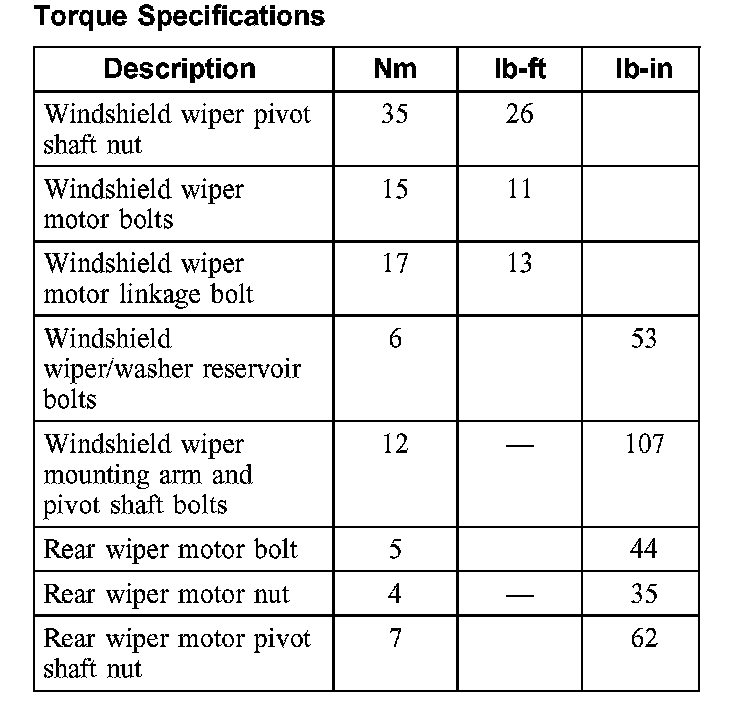 Torque Specifications
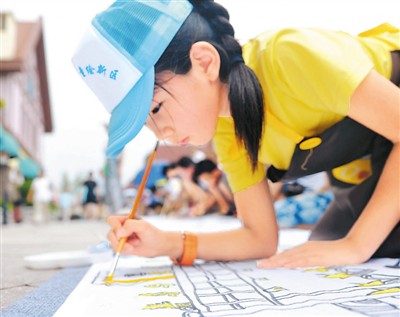 近日,在山東青島,百余名兒童在百米長卷上作畫,描繪自己心目中的家鄉(xiāng)。
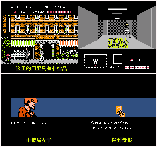 现在可以使用枪了,消灭敌人有时会得到弹药。途中会有一些门,里面是个小型3D场景,消灭里面的敌人也可以得到弹药。进入最右侧遇到中情局的女子,她交给主角情报。
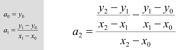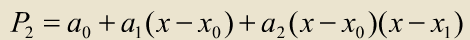 계수 a_0, a_1, a_2를 구하기 위해 P_2(x_0) = y_0, p_2(x_1) = y_1, p_2(x_2) = y_2 이므로 다항식에 대입하면
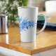 Eine beeindruckende Komposition von tropischen Cobalt Blue-Aquarell-Blume und Blätter, großer Hibiskus und blauer Leidenschaft Blume in der Mitte, schmückt diese 15oz klassische latte Tasse. Große Kapazität für warme oder kalte Getränke. Ändern Sie einfach den Namen, in Text, oder entfernen Sie ihn mit der bereitgestellten Vorlage. Weitere Informationen und Betreuung finden Sie unter "Über dieses Produkt".
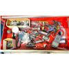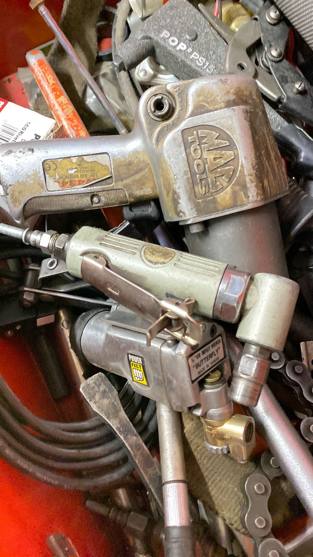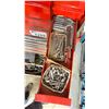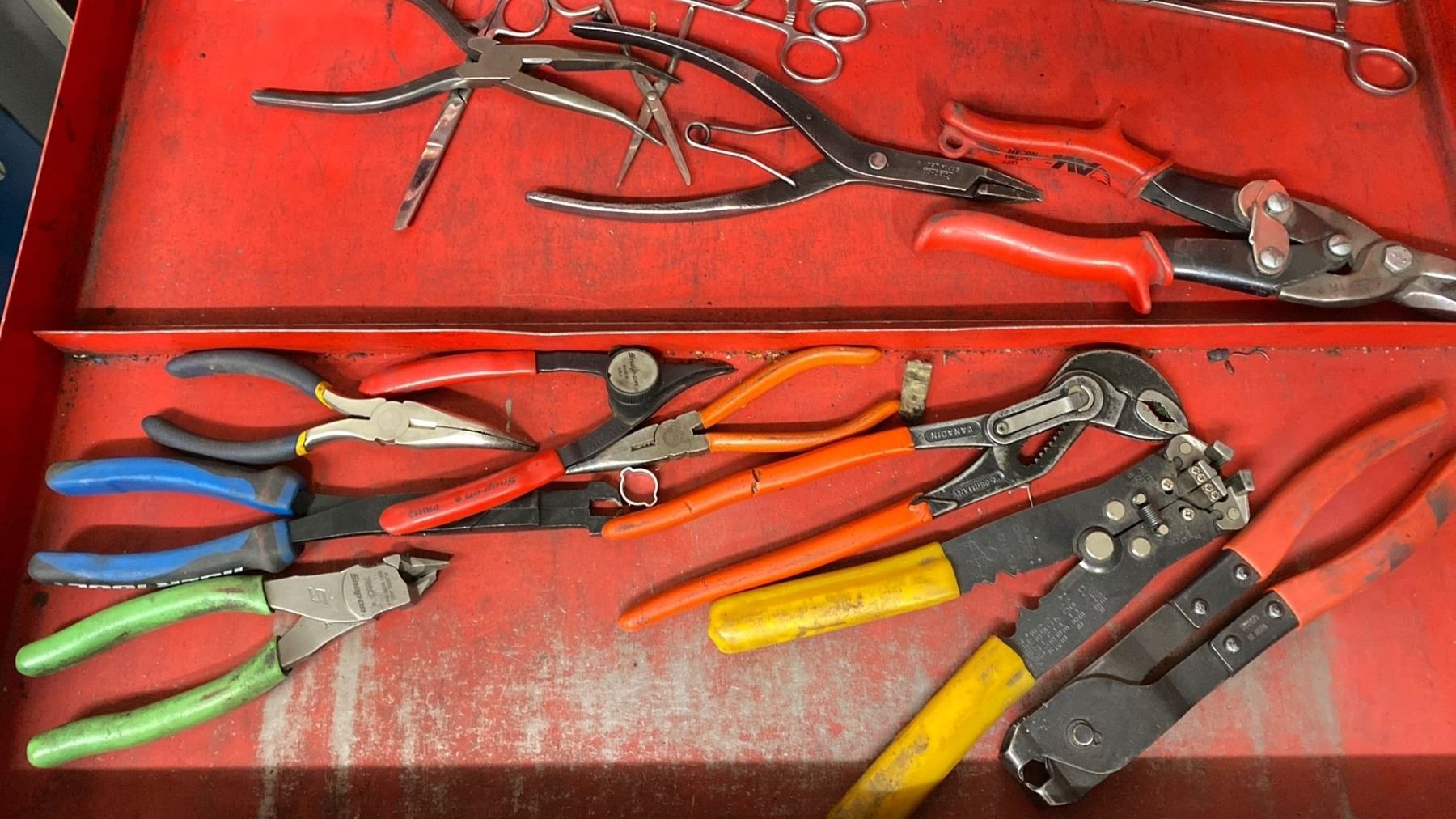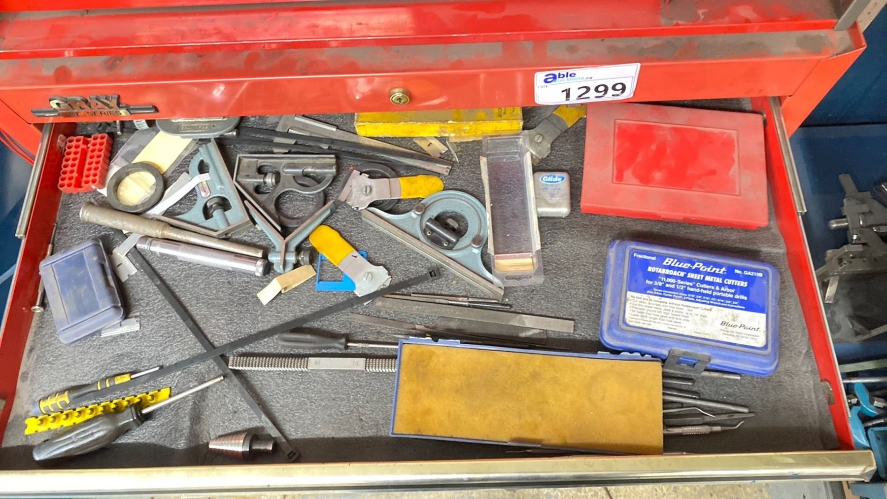 2 METAL TOOL BOXES. BOTTOM ON CASTORS. INC LARGE QUANTITY OF TOOLS. SOME SNAP-ON, GOOD VARIETY, HAMMERS, SCREWDRIVERS, COMB WRENCHES, MULTI-METERS AND MORE
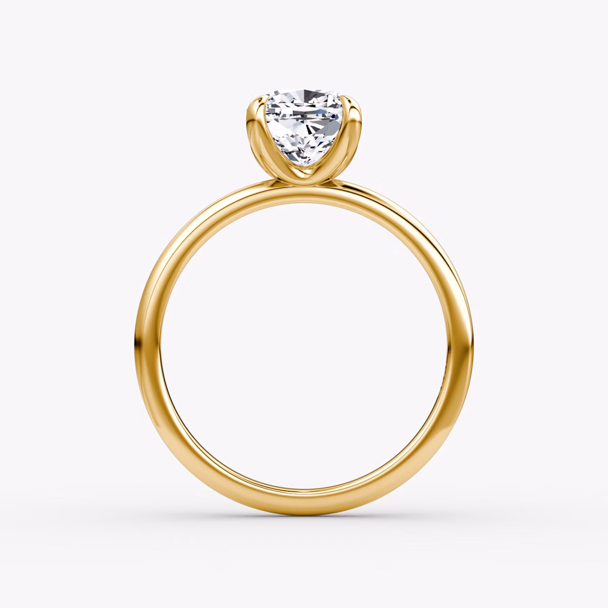 The Classic solitaire in 18k yellow gold with a cushion diamond

-=-=-

* Exercise objective: Your answer must be exactly the lines from the one containing "现在可以使用枪了,消灭敌人有" through the last line of the records above, both included, with every picture left out.

* Finished exercise:
 现在可以使用枪了,消灭敌人有时会得到弹药。途中会有一些门,里面是个小型3D场景,消灭里面的敌人也可以得到弹药。进入最右侧遇到中情局的女子,她交给主角情报。
 계수 a_0, a_1, a_2를 구하기 위해 P_2(x_0) = y_0, p_2(x_1) = y_1, p_2(x_2) = y_2 이므로 다항식에 대입하면
 Eine beeindruckende Komposition von tropischen Cobalt Blue-Aquarell-Blume und Blätter, großer Hibiskus und blauer Leidenschaft Blume in der Mitte, schmückt diese 15oz klassische latte Tasse. Große Kapazität für warme oder kalte Getränke. Ändern Sie einfach den Namen, in Text, oder entfernen Sie ihn mit der bereitgestellten Vorlage. Weitere Informationen und Betreuung finden Sie unter "Über dieses Produkt".
 2 METAL TOOL BOXES. BOTTOM ON CASTORS. INC LARGE QUANTITY OF TOOLS. SOME SNAP-ON, GOOD VARIETY, HAMMERS, SCREWDRIVERS, COMB WRENCHES, MULTI-METERS AND MORE
 The Classic solitaire in 18k yellow gold with a cushion diamond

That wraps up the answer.